O consumo, imposto atualmente à população, é ditado pelo sistema de produção. Controlando os meios de comunicação de massa, esse sistema pode impor uma forma predeterminada de comportamento aos consumidores potenciais - isto é, pode distorcer seu perfil de demanda. Não se pode, portanto, falar de livre escolha.
As firmas que controlam a produção controlam também o consumo, que é uma função de renda e do crédito. Dessa maneira, subir na escala de consumo torna-se, paradoxalmente, um dos objetivos da "expectativa de ascensão", esse novo tipo de ethos imposto ao cidadão comum por aqueles que acumulam cada vez mais, "supranacionalmente", os benefícios do trabalho de todos.

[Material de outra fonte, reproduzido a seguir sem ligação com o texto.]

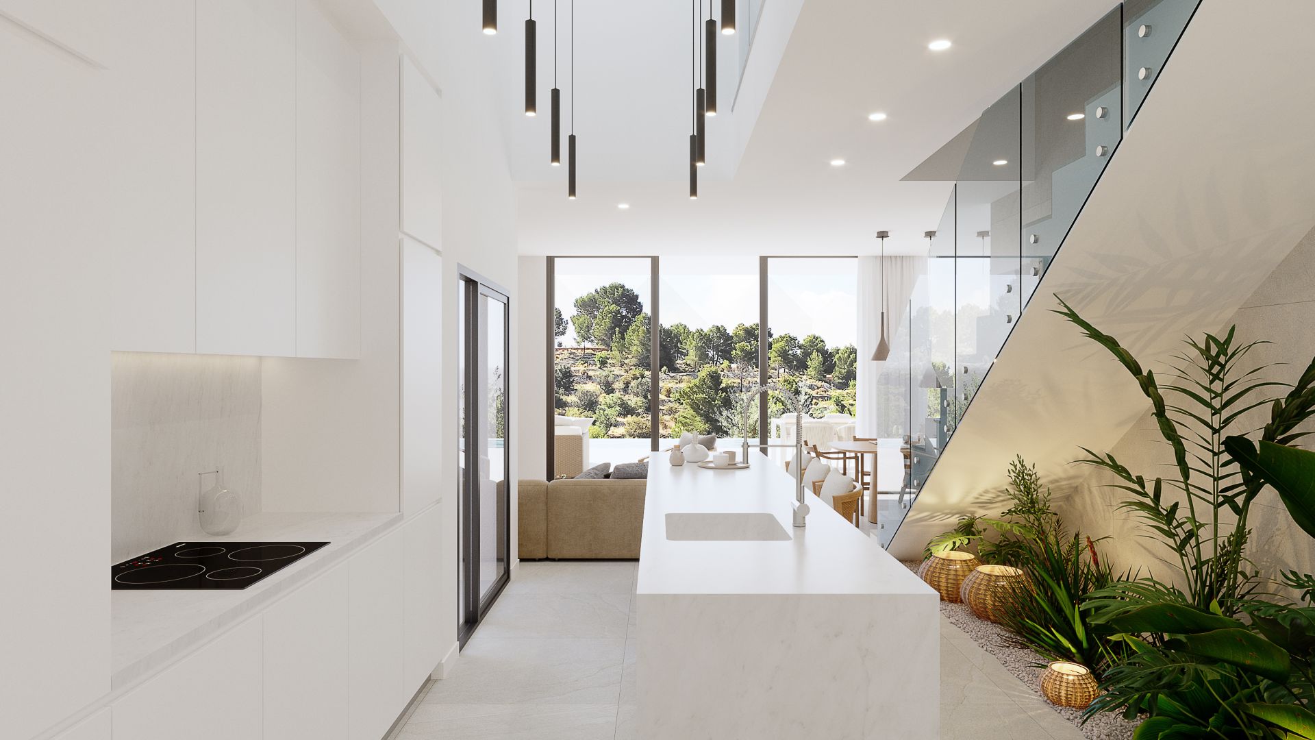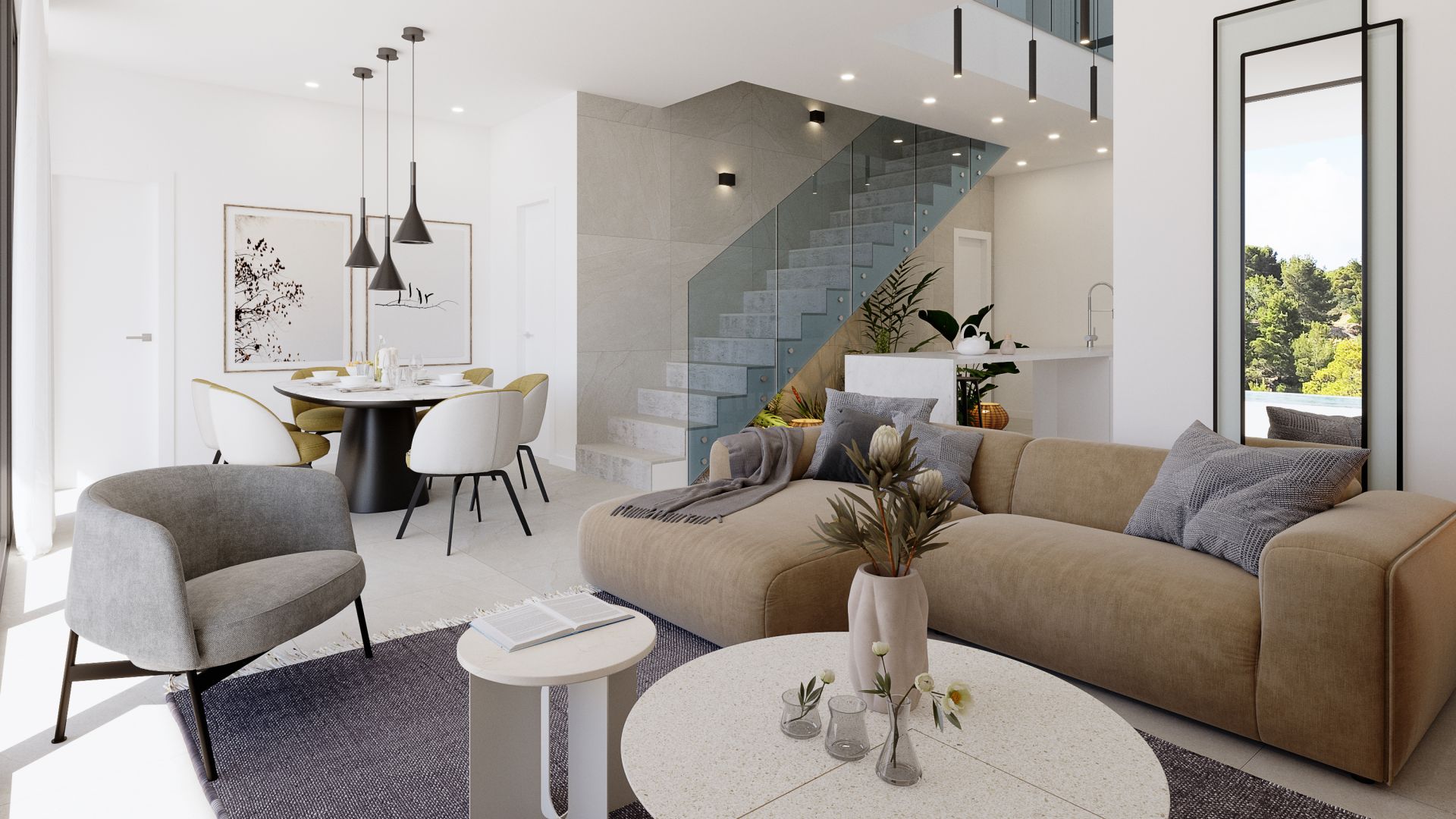 The house is distinguished by its architectural design that harmonises with the surrounding natural environment, exhibiting a modern and elegant aesthetic. The façades combine local materials such as stone and wood, providing a sense of warmth and belonging to the Mediterranean landscape. The large windows not only maximise natural light but also offer panoramic views of the Puig Campana mountain, the golf course and the surrounding green landscape. Each villa has spacious terraces and outdoor seating areas, ideal for enjoying the weather and the views. Private swimming pools, seamlessly integrated into the exterior design, invite moments of relaxation and entertainment in the privacy of your own home. The meticulously landscaped gardens are planted with low-maintenance native species, respecting local biodiversity and promoting a sustainable environment. The integration of outdoor lighting systems enhances the architectural beauty of the homes after dark, creating a welcoming and safe environment.

Defender o "consumismo" pode ser uma hábil manobra política ou uma forma de oportunismo sofisticado, com o qual provavelmente se pode conquistar o povo e ganhar o poder, sem contudo mudar fundamentalmente a estrutura do poder - isto é, sem colocar o povo no poder. Como Paulo Freire (1968, p. 61) salientou de forma tão sagaz o problema da pobreza não é uma questão de integrar a população pobre em uma estrutura opressiva, a fim de que possa tornar-se mais parecido com o opressor, mas, sim, de transformar essa estrutura, de maneira que cada indivíduo seja o que é.